**Exercise**
The listing below should be printed exactly, though its pictures must not be.

[[ Information provided open ]]

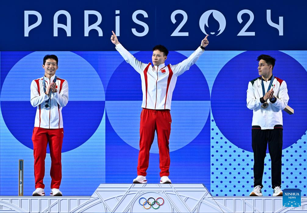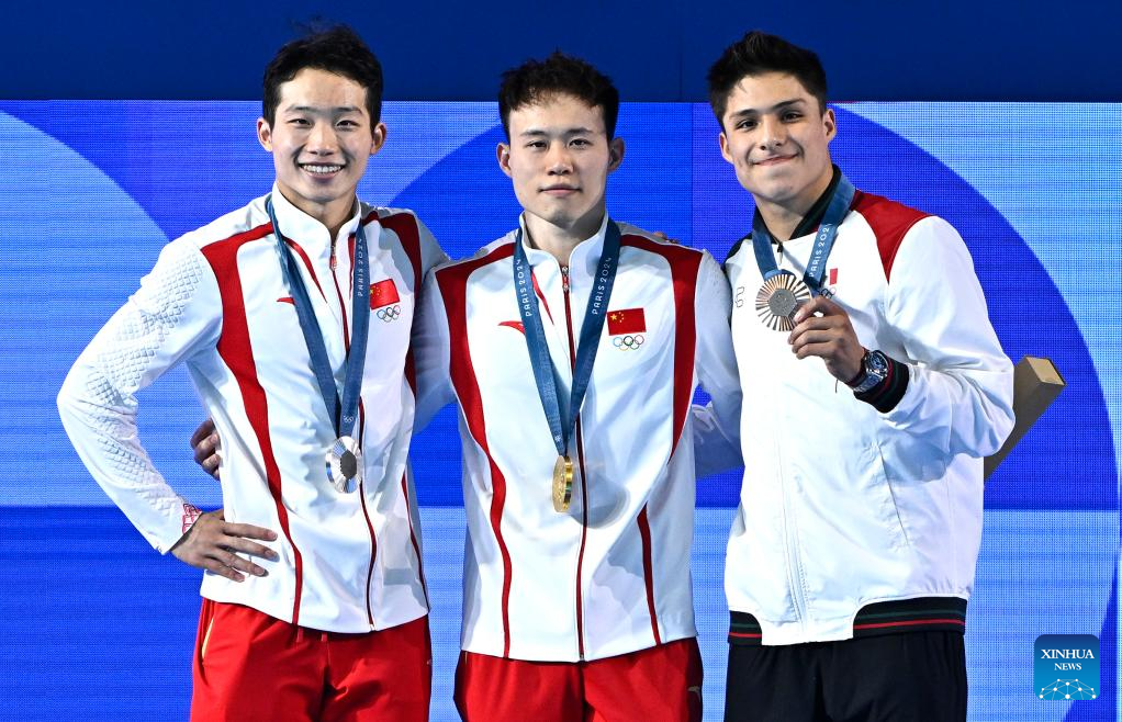 Gold medalist Xie Siyi (C) of China, silver medalist Wang Zongyuan (L) of China and bronze medalist Osmar Olvera Ibarra of Mexico attend the awarding ceremony after the men's 3m springboard final of diving at the Paris 2024 Olympic Games in Saint-Denis, France, Aug. 8, 2024. (Xinhua/Wang Peng)
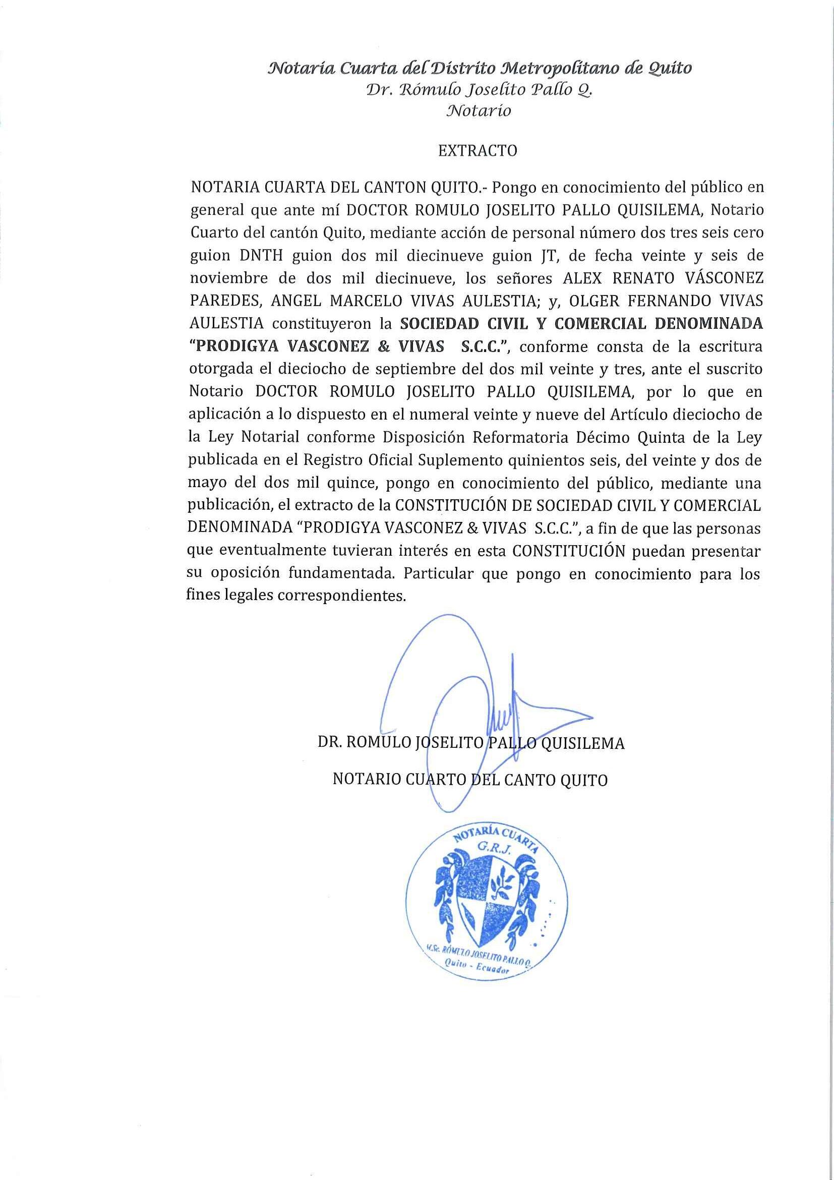 De conformidad con el Estatuto de la Compañía y la legislación ecuatoriana, los documentos que serán presentados y analizados en la Junta General Extraordinaria están a disposición de los accionistas en las oficinas de la compañía, ubicadas en la Av. Interoceánica OE673 Y González Suarez Edificio Picadilly Center, primer piso, Distrito Metropolitano de Quito. Especial e Individual se convoca a la Comisario de la Compañía economista Mónica Acosta Baca, con correo electrónico acosta_baca_monica@hotmail.com
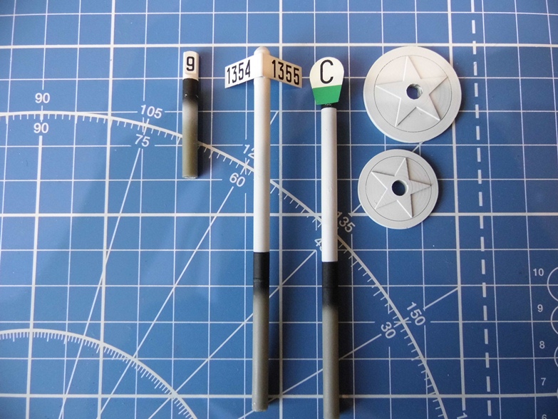 Есть набор, в котором километровый и пикетные столбы, знак "свисток", путевые знаки начала и конца кривой, а так же 2 розетки. В наборе идет пластинка травления и богатая на цифры декаль (которая может пригодиться и в другом), и еще несколько кусков рельс, как альтернатива столбам.

[[ Information provided closed ]]

**Task response**
 Gold medalist Xie Siyi (C) of China, silver medalist Wang Zongyuan (L) of China and bronze medalist Osmar Olvera Ibarra of Mexico attend the awarding ceremony after the men's 3m springboard final of diving at the Paris 2024 Olympic Games in Saint-Denis, France, Aug. 8, 2024. (Xinhua/Wang Peng)
 De conformidad con el Estatuto de la Compañía y la legislación ecuatoriana, los documentos que serán presentados y analizados en la Junta General Extraordinaria están a disposición de los accionistas en las oficinas de la compañía, ubicadas en la Av. Interoceánica OE673 Y González Suarez Edificio Picadilly Center, primer piso, Distrito Metropolitano de Quito. Especial e Individual se convoca a la Comisario de la Compañía economista Mónica Acosta Baca, con correo electrónico acosta_baca_monica@hotmail.com
 Есть набор, в котором километровый и пикетные столбы, знак "свисток", путевые знаки начала и конца кривой, а так же 2 розетки. В наборе идет пластинка травления и богатая на цифры декаль (которая может пригодиться и в другом), и еще несколько кусков рельс, как альтернатива столбам.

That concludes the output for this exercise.